▶ ACTIVITY: The lines below, from the one holding "Veo 3.1 Quality不支持;Sora 2/Pro目前仅支持上传一张图片" through the one holding "怎么替换呢,请参照如下步骤移", are to be restated word for word, with all images left out.

▶ RECORDS FOR THIS EXERCISE:
====
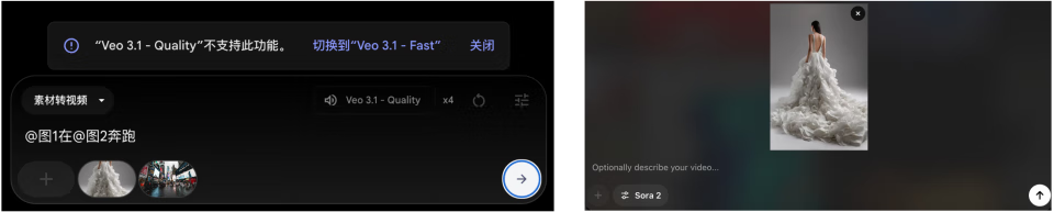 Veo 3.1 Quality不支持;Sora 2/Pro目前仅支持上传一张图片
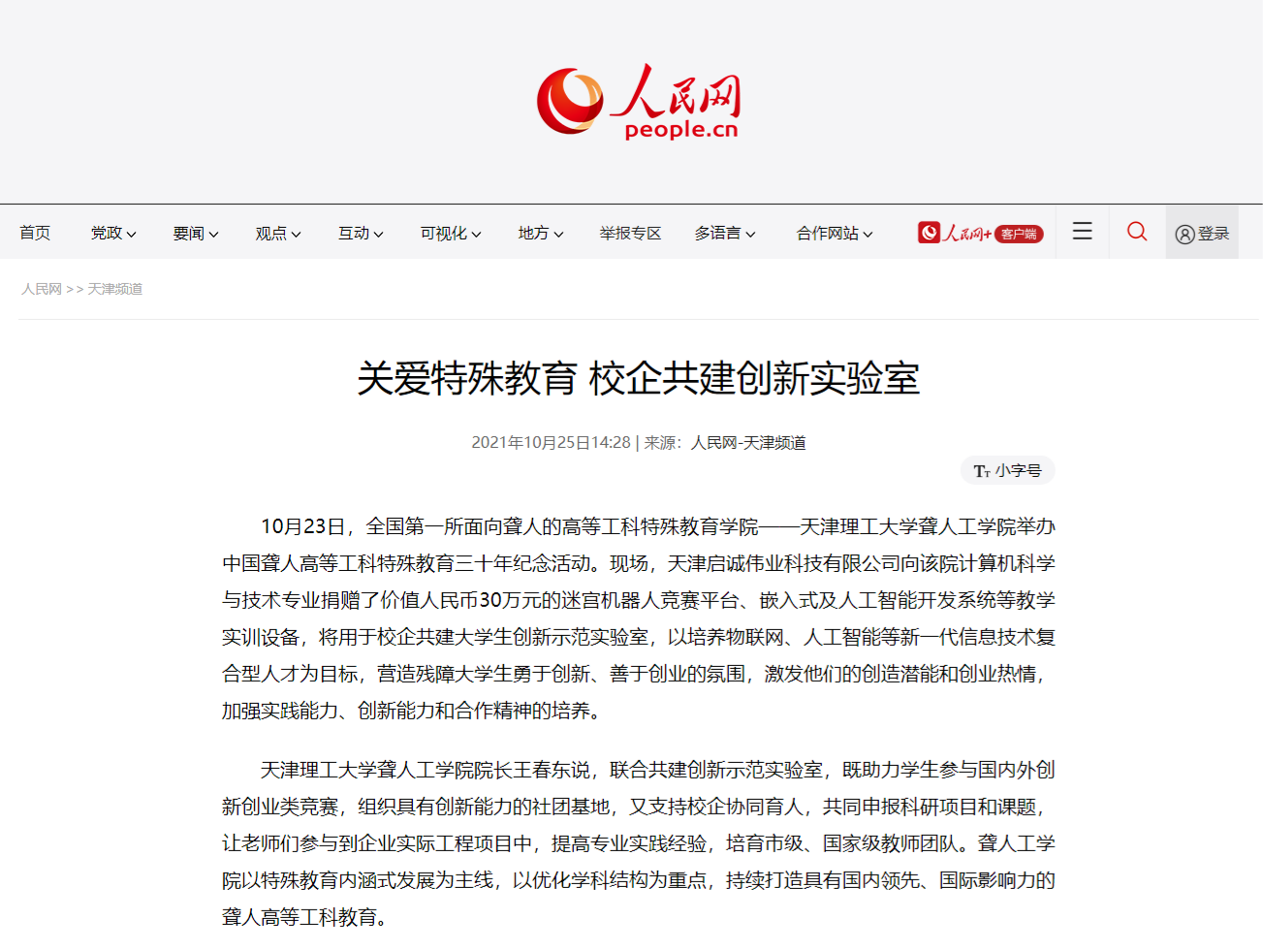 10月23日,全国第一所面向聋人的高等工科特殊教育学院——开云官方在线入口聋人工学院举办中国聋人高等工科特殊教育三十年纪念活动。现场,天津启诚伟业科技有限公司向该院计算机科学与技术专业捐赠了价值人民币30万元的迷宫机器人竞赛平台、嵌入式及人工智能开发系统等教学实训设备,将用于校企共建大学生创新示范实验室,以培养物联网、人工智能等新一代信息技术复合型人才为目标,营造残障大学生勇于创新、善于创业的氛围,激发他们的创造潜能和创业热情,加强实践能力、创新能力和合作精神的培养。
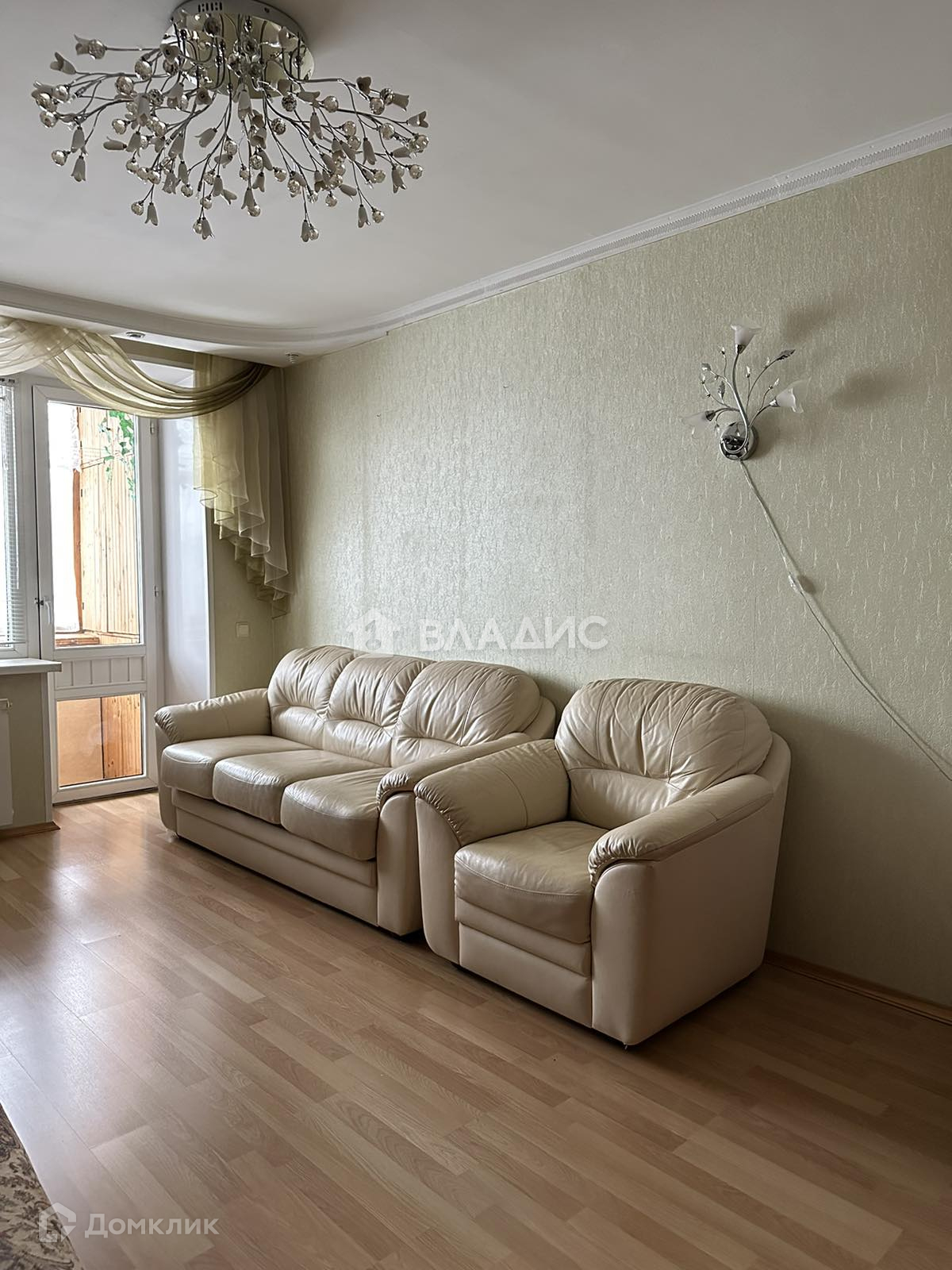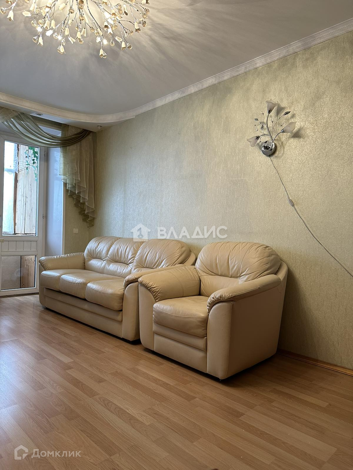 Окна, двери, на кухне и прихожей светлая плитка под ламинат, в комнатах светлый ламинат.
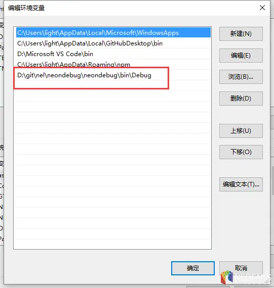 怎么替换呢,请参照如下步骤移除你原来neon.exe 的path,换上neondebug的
====
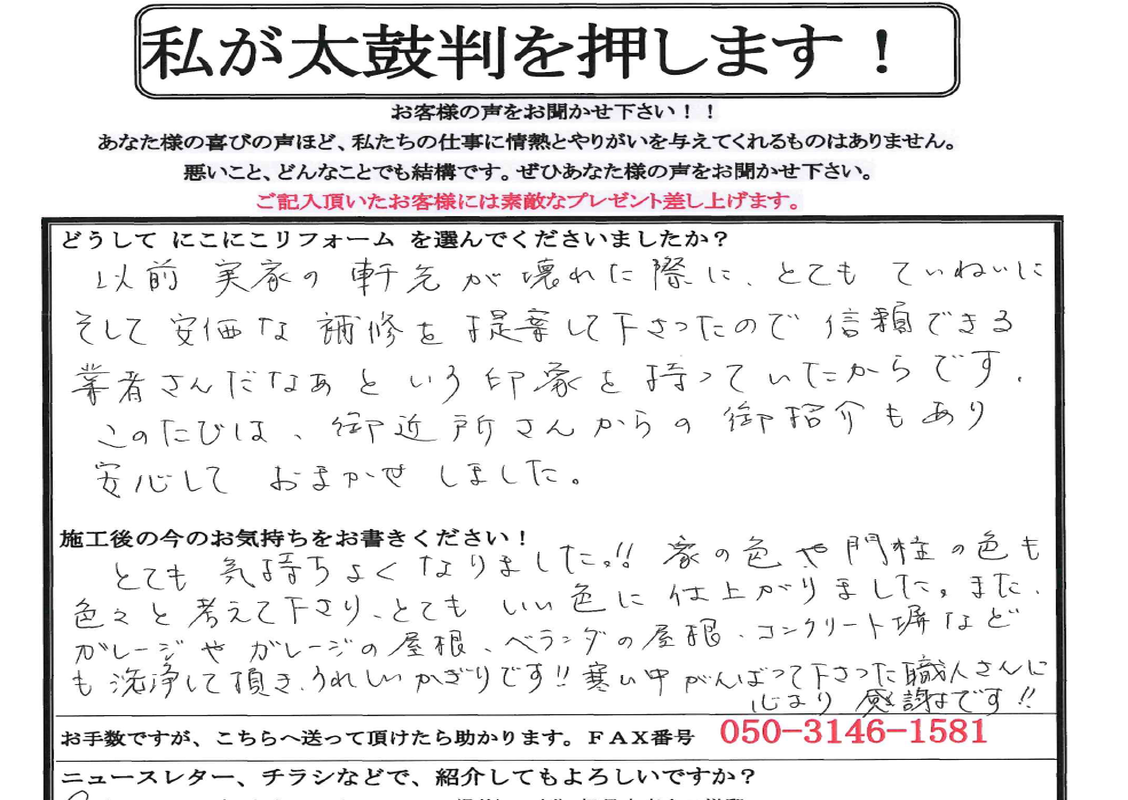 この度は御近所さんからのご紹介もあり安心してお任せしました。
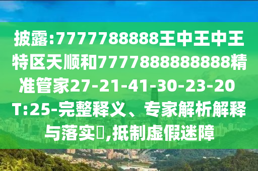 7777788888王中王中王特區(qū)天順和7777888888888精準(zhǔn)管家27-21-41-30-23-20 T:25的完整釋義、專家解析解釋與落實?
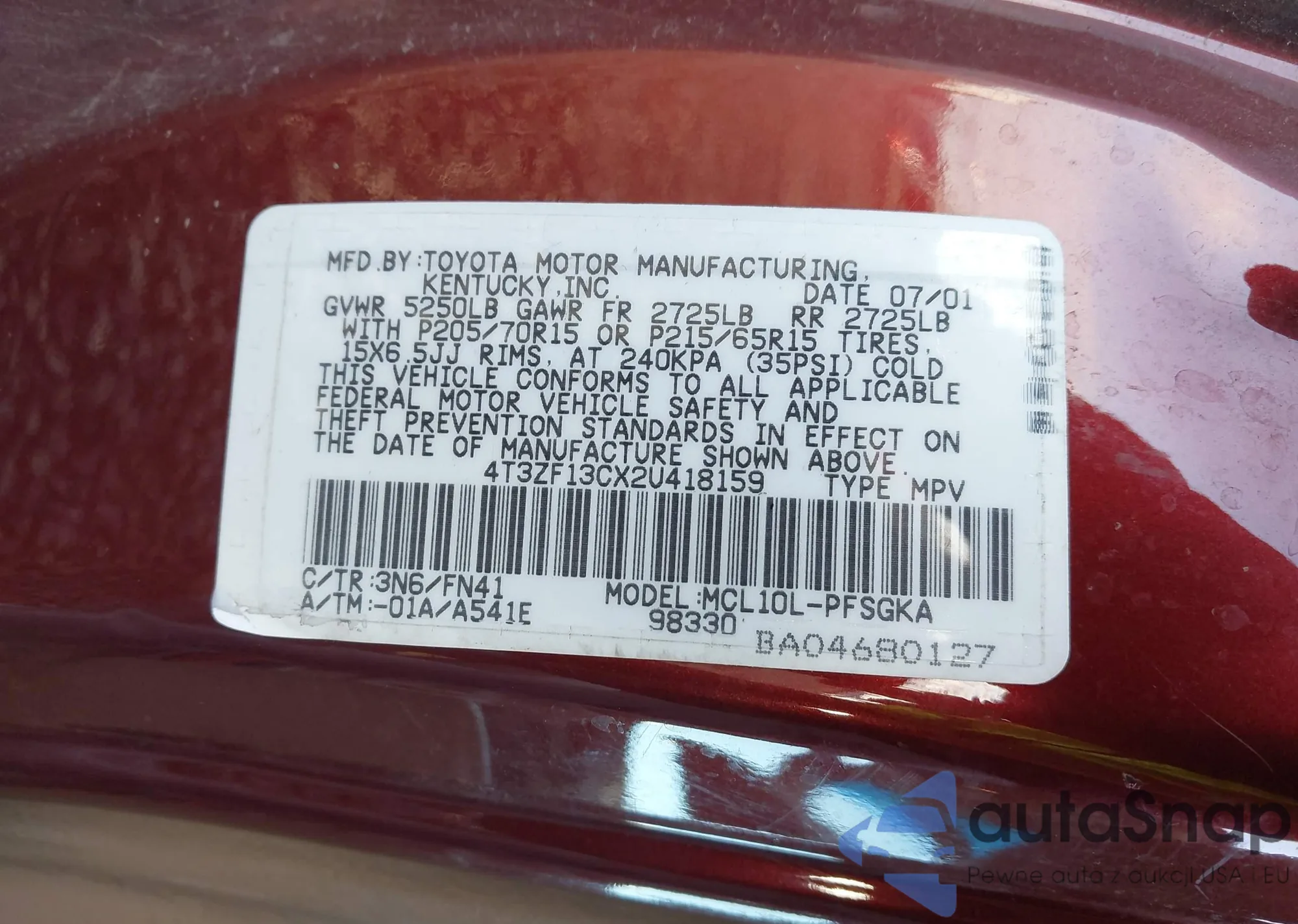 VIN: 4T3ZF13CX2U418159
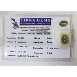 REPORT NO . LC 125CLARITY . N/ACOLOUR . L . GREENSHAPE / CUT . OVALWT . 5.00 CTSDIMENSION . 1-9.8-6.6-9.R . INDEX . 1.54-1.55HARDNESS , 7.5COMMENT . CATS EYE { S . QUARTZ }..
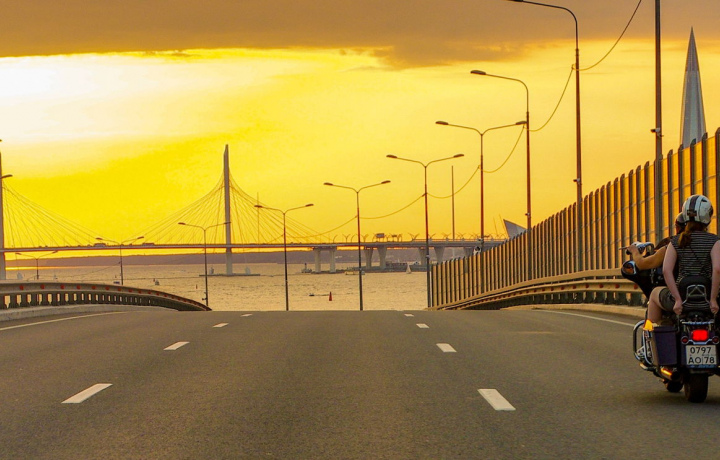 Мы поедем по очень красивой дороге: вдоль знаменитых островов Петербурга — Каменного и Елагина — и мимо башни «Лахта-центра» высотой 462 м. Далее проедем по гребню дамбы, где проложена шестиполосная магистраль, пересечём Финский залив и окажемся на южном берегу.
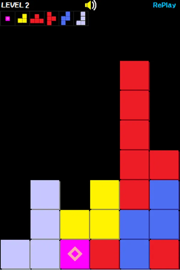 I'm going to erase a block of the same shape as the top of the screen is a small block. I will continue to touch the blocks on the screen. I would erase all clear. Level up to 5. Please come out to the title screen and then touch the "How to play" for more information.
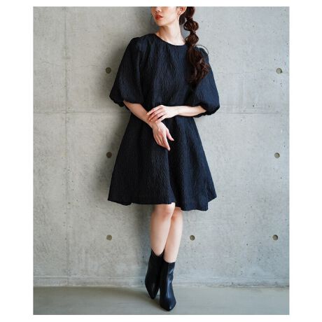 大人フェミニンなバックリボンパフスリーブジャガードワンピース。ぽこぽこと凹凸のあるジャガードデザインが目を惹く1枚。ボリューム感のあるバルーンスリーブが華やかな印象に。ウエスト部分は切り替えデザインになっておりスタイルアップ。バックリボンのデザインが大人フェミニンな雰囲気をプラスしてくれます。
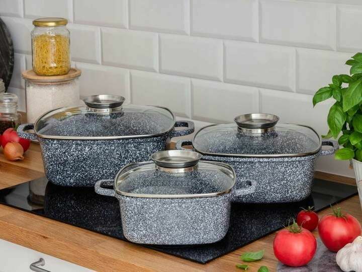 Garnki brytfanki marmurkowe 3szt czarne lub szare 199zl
====
▶ OUTPUT FOR THIS TASK:
 Veo 3.1 Quality不支持;Sora 2/Pro目前仅支持上传一张图片
 10月23日,全国第一所面向聋人的高等工科特殊教育学院——开云官方在线入口聋人工学院举办中国聋人高等工科特殊教育三十年纪念活动。现场,天津启诚伟业科技有限公司向该院计算机科学与技术专业捐赠了价值人民币30万元的迷宫机器人竞赛平台、嵌入式及人工智能开发系统等教学实训设备,将用于校企共建大学生创新示范实验室,以培养物联网、人工智能等新一代信息技术复合型人才为目标,营造残障大学生勇于创新、善于创业的氛围,激发他们的创造潜能和创业热情,加强实践能力、创新能力和合作精神的培养。
 Окна, двери, на кухне и прихожей светлая плитка под ламинат, в комнатах светлый ламинат.
 怎么替换呢,请参照如下步骤移除你原来neon.exe 的path,换上neondebug的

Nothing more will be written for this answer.